“He just started whaling out, hitting the bull over the head,” a witness, Luis Cruz, 53, said Sunday.

The attack left a gash on the bull’s right horn that was about 6 inches long and 3/4 of an inch wide — and quickly became a mini tourist attraction.

As visitors gathered around the bull Sunday morning, a guide from a passing double-decker tour bus directed attention to the sculpture. “That’s the gash,” he said. “See, that’s the gash.”

Police arrested a Dallas man soon after the vandalism. Tevon Varlack, 42, was charged with criminal mischief and disorderly conduct and released. He had no comment when reached by phone Sunday.

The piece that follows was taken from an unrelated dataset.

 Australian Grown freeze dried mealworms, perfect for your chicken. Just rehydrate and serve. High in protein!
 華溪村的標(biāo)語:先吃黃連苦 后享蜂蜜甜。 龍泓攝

The incident startled visitors to the Lower Manhattan landmark that has stood on Broadway near Bowling Green since December 1989, when sculptor Arturo Di Modica installed the bull as a work of guerrilla art. At the time, Modica declared the sculpture a Yuletide symbol of the “strength and power of the American people.”

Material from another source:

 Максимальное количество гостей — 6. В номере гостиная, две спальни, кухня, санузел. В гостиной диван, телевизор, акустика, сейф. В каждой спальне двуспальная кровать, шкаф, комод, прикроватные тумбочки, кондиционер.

Di Modica, who paid for the original sculpture, could not be reached for comment Sunday.

Fernando Luis Alvarez, who manages a gallery that works with Di Modica, said he planned to drive to New York City to inspect the damage.

“I’m a little shaken by this,” he said, adding that “it is sad when people damage these statutes that are so important to society.”

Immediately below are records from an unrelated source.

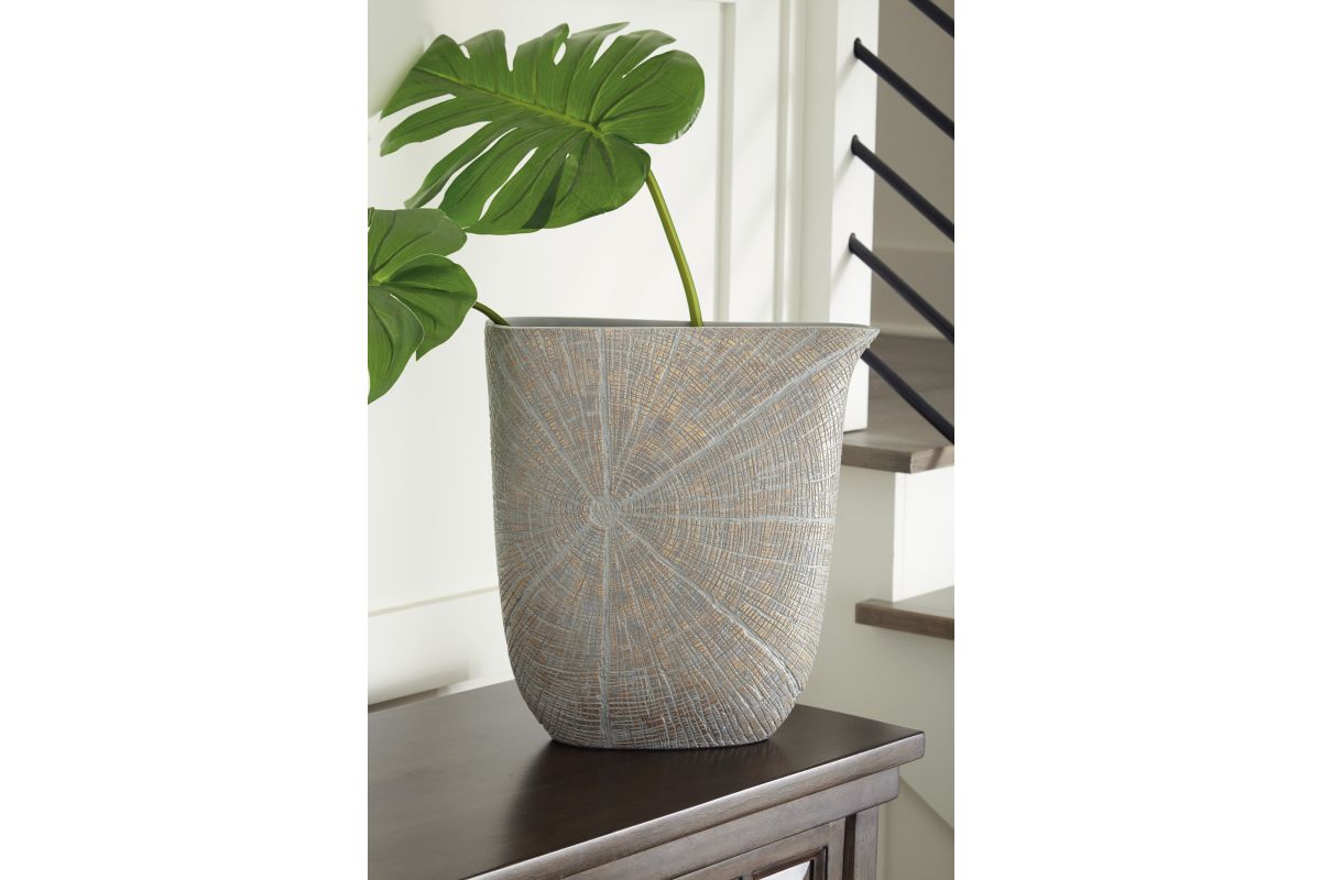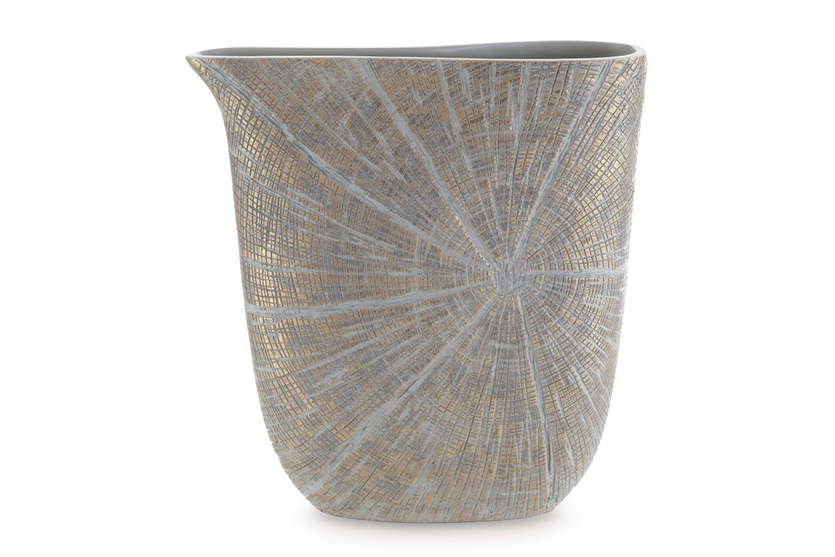 A unique mix of primitive and modern, this vase has an exquisite artisanal appeal. Its wide mouth holds your most bountiful bouquets. The vase's intriguing silhouette and starburst pattern capture the eye, complementing a room that craves sophistication.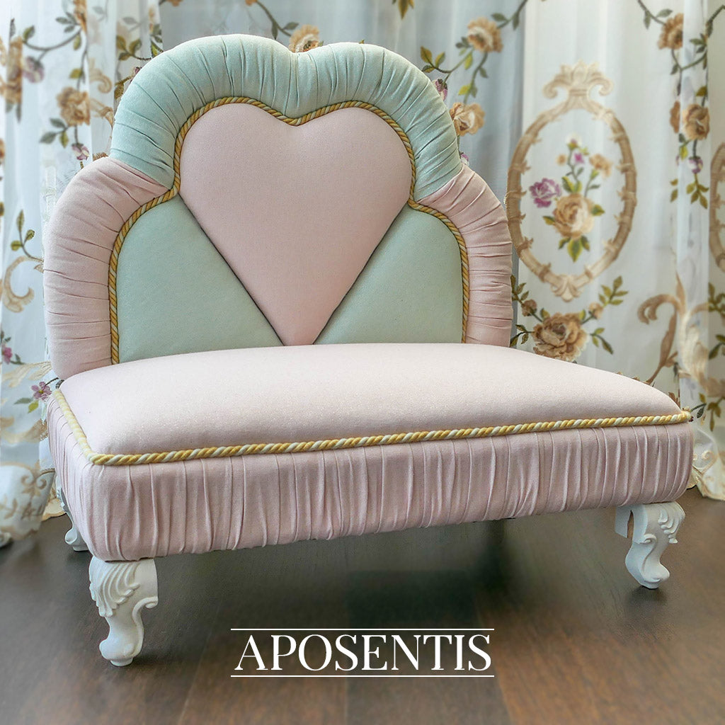 This dreamy, love inspired pet couch is embellished with a heart at the front of the headboard and a cloud at the back. For those who love items that tell a story, each detail of this luxury dog or cat bed is made to delight.
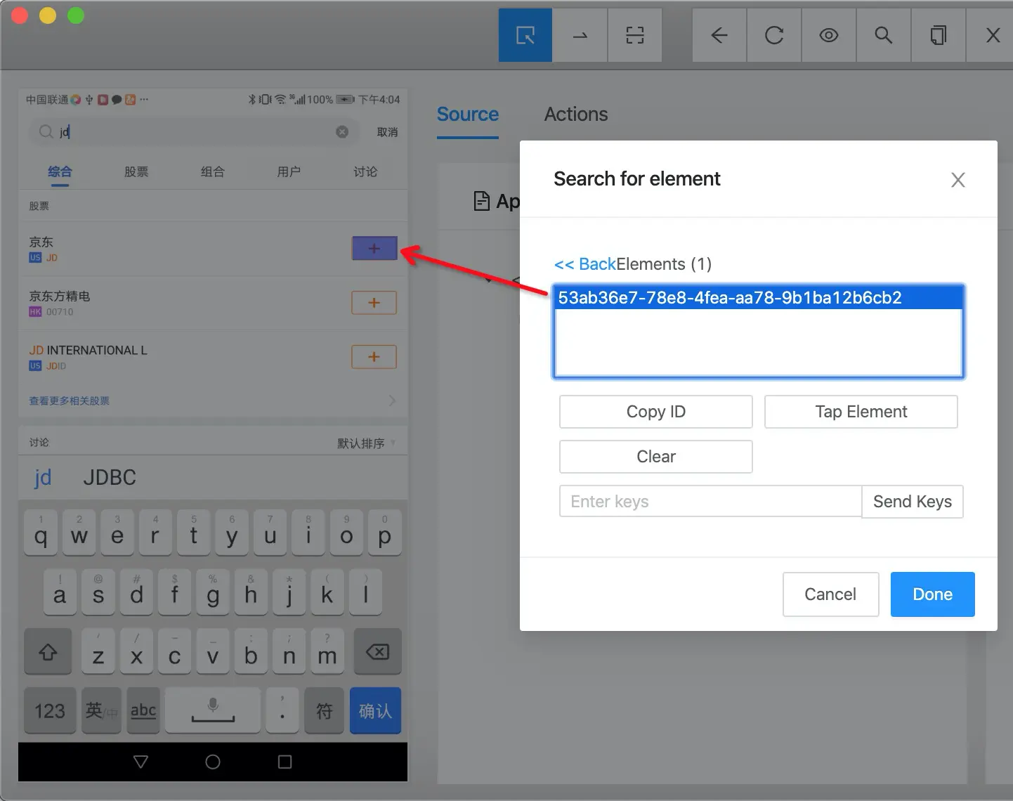 直接手撕例子,目标是定位到搜索结果中京东一栏的添加按钮

Cruz said he saw a man, who was dressed in a baseball cap, T-shirt and jeans, hanging around near the sculpture for about 10 minutes before moving toward it.

The weapon was made of metal with sharp edges and resembled a makeshift banjo, according to police. It left behind about a dozen deep scratches in addition to the gash. Witnesses said the bull was struck dozens of times, and the sound of the battering was deafening.

Some people scattered. Others seemed to think it was a performance. “While he was hitting the bull, they were trying to take pictures,” Cruz said. “I said, ‘What are you doing? What if this guy turns on you, hits you over the head, kills you?’ They didn’t pay no mind.”

The bull, the symbol of a surging stock market, has been vandalized before. It was splashed with blue paint twice: in 2008 and in 2017. And in 2010, an artist “yarn-bombed” the “Charging Bull” with crochet, which she described as graffiti but with yarn.

On Sunday morning, there was little police presence near the sculpture, and no efforts were made to prevent people from touching or climbing on the bull. More than a hundred tourists lined up to take photographs.

Many did not notice the gash until others pointed it out.

Paola Vallejo, 27, of Mexico City, said she was there to take social-media worthy photos. For her, the real attraction “is the Instagram picture,” she said.

Carlos Swinger, 55, who was visiting from Raleigh, North Carolina, said he was disappointed to see the damage.

“It looks worse than it showed on TV. I didn’t realize that the hole, actually was a hole,” he said. “I thought it was just scratches.”

“You’d think by now,” he said, “we could just all come together and live in peace.”